Thankfully, I do work for a company which is compassionate. After explaining my situation to the right people in management, I was able to obtain a transfer back to where we came from. Here I was hoping to get proper medical treatment for my wife. I was eventually able to, but it took another two years of living in hell to do it. The only reason she went with me to see a doctor was because I had started divorce proceedings.

She is now taking 10mg. of Olanzipine a day and is doing much better, including going back to work.

What advice can I give? Not much I'm afraid. Love your wife with all you have. Try everything, no matter how small of a chance of success, to get her the help she needs. I tried everything from being overly loving, to having her arrested under a "Mental Health Warrant". When I applied for a divorce, I could honestly say to my self, "I have tried everything, every idea, every avenue, every suggestion that came my way, and I can do no more nor take no more". If you can look in the mirror in the morning and say that, then there is nothing left to do.

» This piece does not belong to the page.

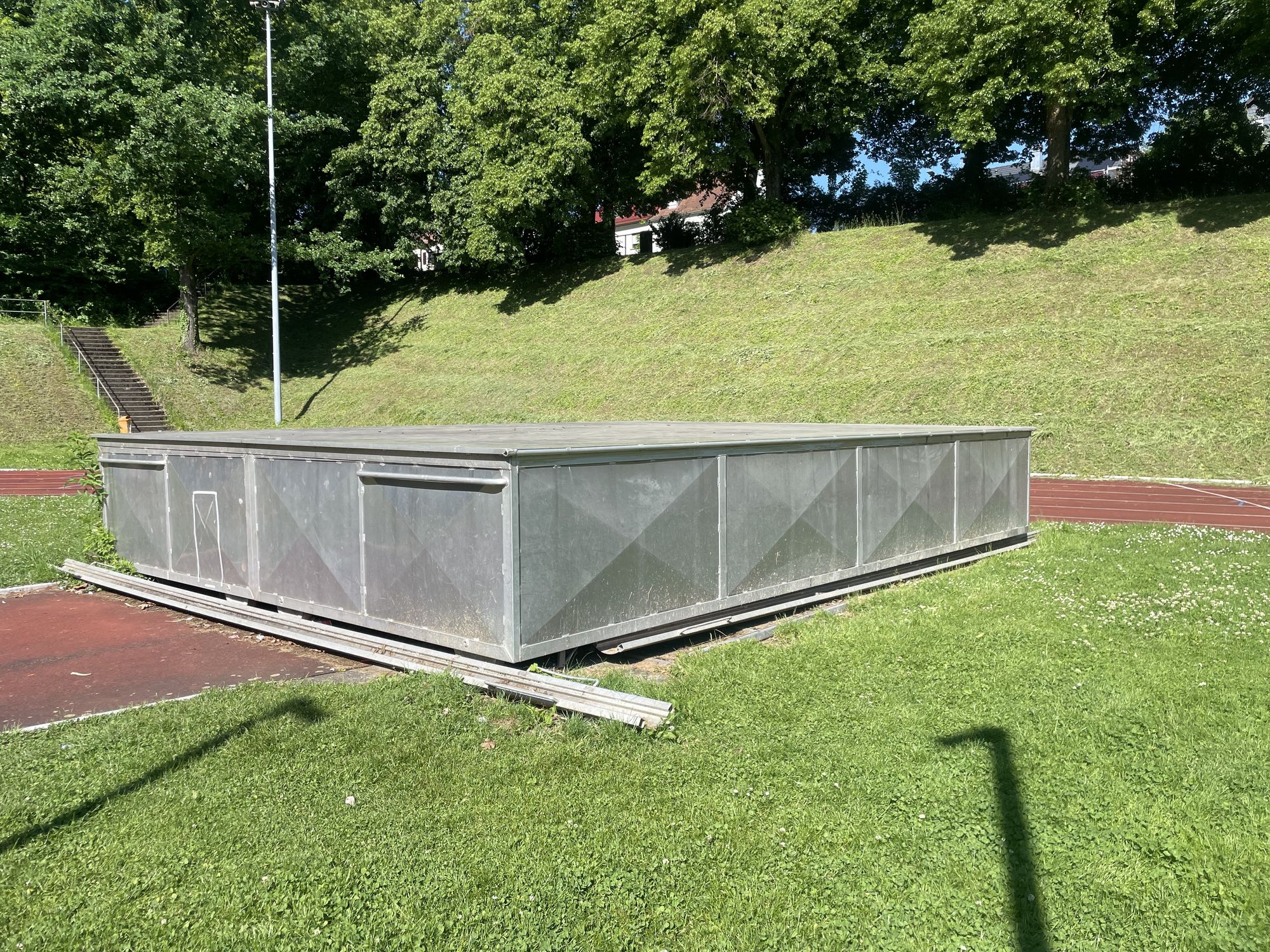 Die Abdeckhaube hat die Maße L= 7,30 m und B= 5,80 m. Sie befindet sich aktuell im Stadion der Turnerschaft Göppingen e.V. und müsste von dort abgeholt werden (Nördliche Ringstr. 125, 73033 Göppingen).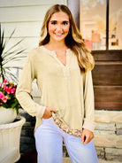 Crafted from soft and durable rayon jersey, this washed henley features a stylish ribbed band neck and sleeves. The back slit is lined with contrast fabric for a unique edge finish. Comfortable and versatile, perfect for any occasion.

One thing that I didn't do was tell my children soon enough what was happening with mom. I was, frankly, afraid to. When I finally did, it made it a little easier to deal with them because they now knew that mom had a problem and dad was doing his best.

Life with a schizophrenic wife will never be easy. It will not be like other couples that you know. But with Love, Patience, Caring, and proper medical help, life will go on in a reasonable fashion. Good luck to all of you.